Mr Siew actually replied, it's somewhere in the middle but I'll copy it for convenience:

"@Wei Meng: The President's refusal to act in accordance with the advice of the Cabinet, when required to do so under the Constitution, would spark a constitutional crisis. That is not a desirable state of affairs. In this case, I believe that the word "may" does not mean that the President truly has discretion."

I can see that there is good precedence on which Mr Siew has based his logic - e.g. the British Queen, Australia and the 2009 Perak constitutional crisis. Also taking into consideration the High Court ruling, I would tend to agree with him that the President's refusal would spark off a constitutional crisis.

However, constitutional crises exist because an office holder refused to abide by constitutional conventions and used their personal discretion. This implies that if the President so chooses, he can refuse to exercise his powers as you have pointed out.

The question then is whether the courts would rule that that decision can stand or rule it as illegal.

I have no idea personally. The law is a complex thing that can be influenced by the society, power and politics. Furthermore, our President is a hybrid entity. He is a head-of-state akin to a constitutional monarchy, but at the same time he is elected in direct voting by the people. I don't think there's any good precedent for an office of this particular kind where we can see how other courts are inclined to rule in the case of a crisis.

So yes, I think the President can definitely refuse... But whether it is a legal decision that is within his powers, we have to wait for a test case to arise and the courts to pass judgement for us to *really* know.

reasonable said...

@Wei Meng,

Thanks for your response.

If not because of your response I still would not realise that this point has already been raised by you, and still would not realise that Mr Siew has also shared his view on this aspect.

Because I did not read your earlier post, I made a long post on Article 22P's "may" on "17 August 10:22", haha

reasonable said...

If upon appeal, the Court of Appeal judges that "may" has the same meaning as "shall" in the context of Article 21 & 22, then effectly our President is a metaphoric rubber stamp in clemency matters.
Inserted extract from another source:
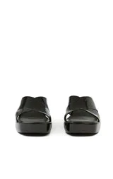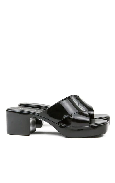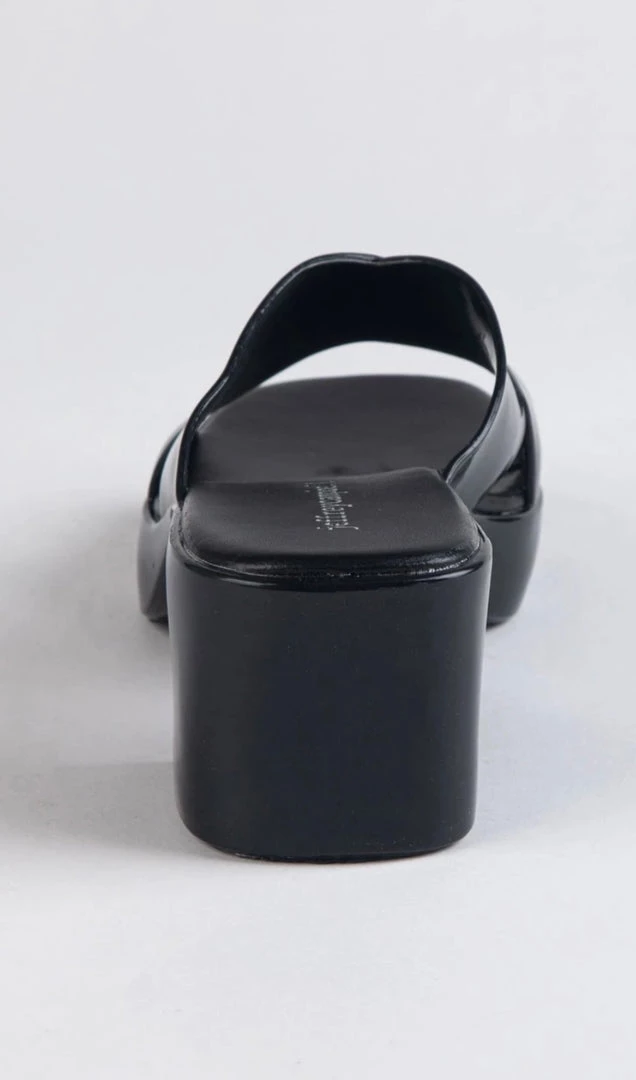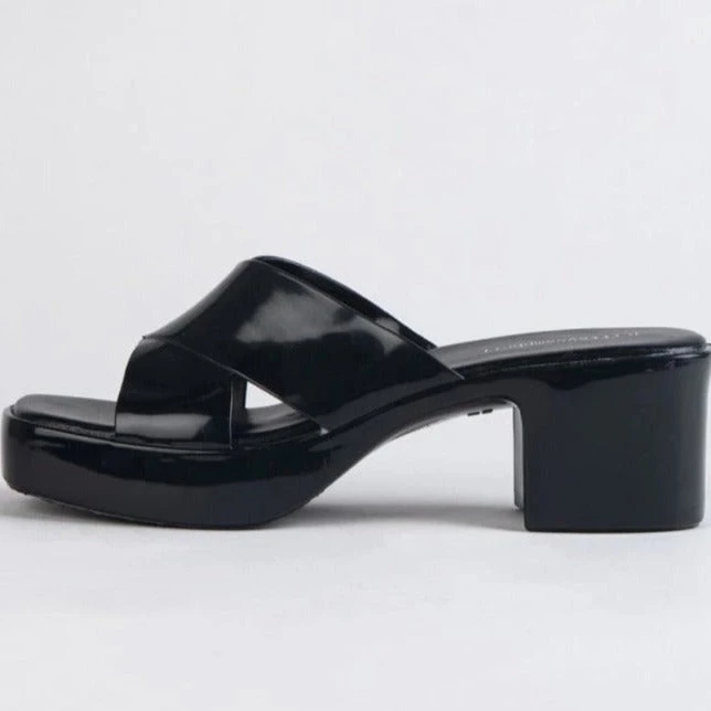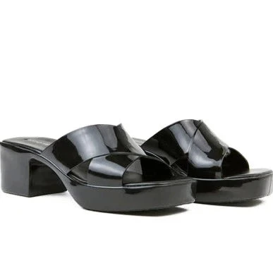 Square toe platform jelly sandal with cross band straps.

There is no need to involve him.

If upon appeal, it is judged that "may" means "is allowed to but not required to" in the granting of clemency, then it gives meaning to the term "Presidential Clemency".

Only if the President is able to refuse the granting of clemency (when the Cabinet advises him to grant clemency) would it make good sense of those past media reports where various affected families thanked a few of our past Presidents granting clemency and hence saving the lives of their sons/relatives.
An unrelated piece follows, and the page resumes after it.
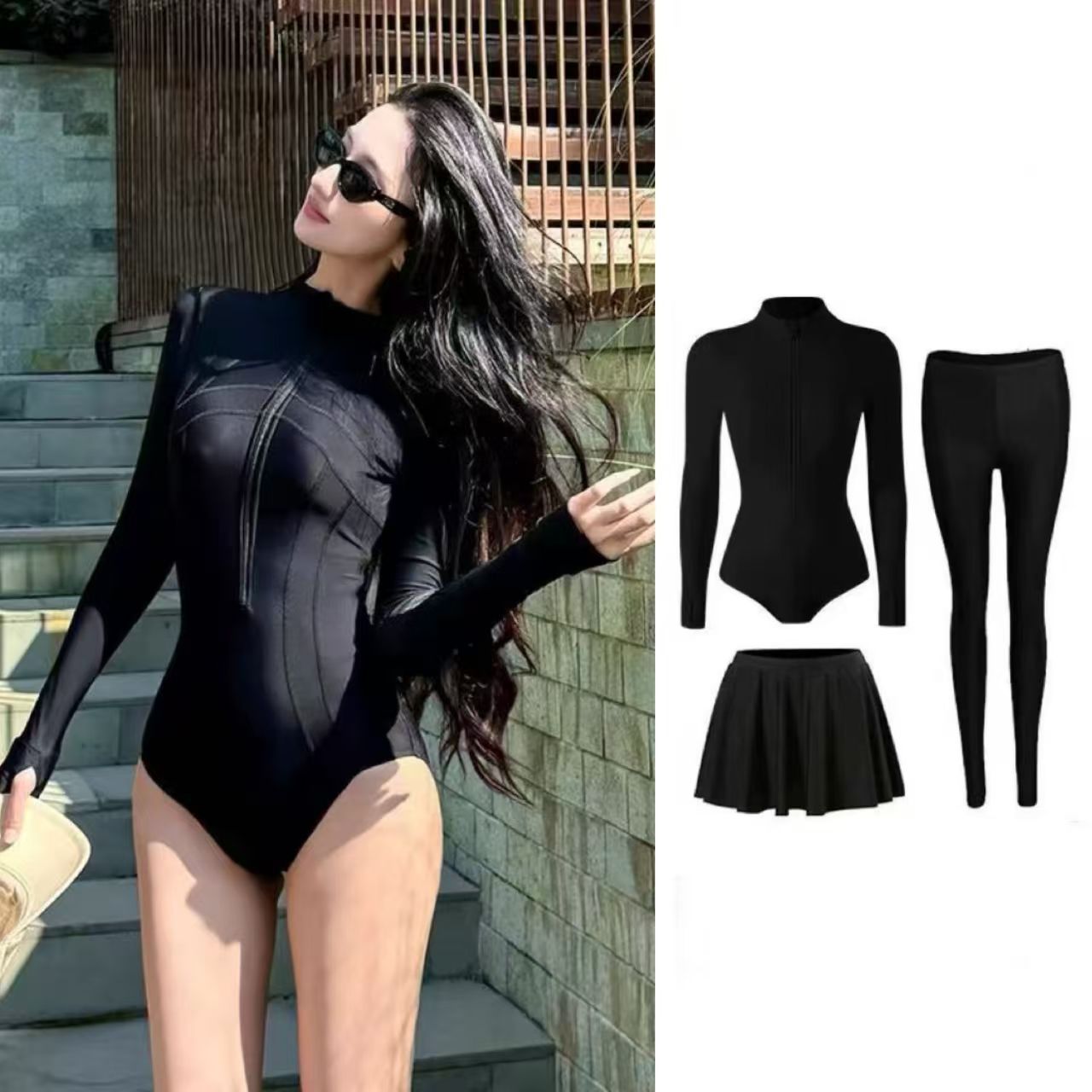 선스크린 스노클링 새로운 도착 화이트 결합 된 삼각형 수영복 여성 긴소매 보수 지방 플러스 사이즈 다이빙 서핑 해파리

If the President is a metaphoric rubber stamp in the granting of clemency, then those families and future families should thank the Cabinet only.

Rojakgirl said...

Went to the talks at Speech Corner on 22nd August.

According to Ravi, the difference about President being a rubber stamp or not lies in him/her being elected and non-elected. President R Nathan was elected but many of the other past presidents were not.

Anyone care to explain something to me? I know that being elected involves some sort of voting process. (No idea who votes in the President.) So does non-elected means "appointed by the Cabinet" or some other entity?

And why does being elected or non-elected make a difference on the powers the President can have? (According to Ravi anyways.)

Not very familiar with the Constitution. =P

Rojakgirl said...

Erm, ignore my post.

I clearly forgot about some of the responses above. Nevermind.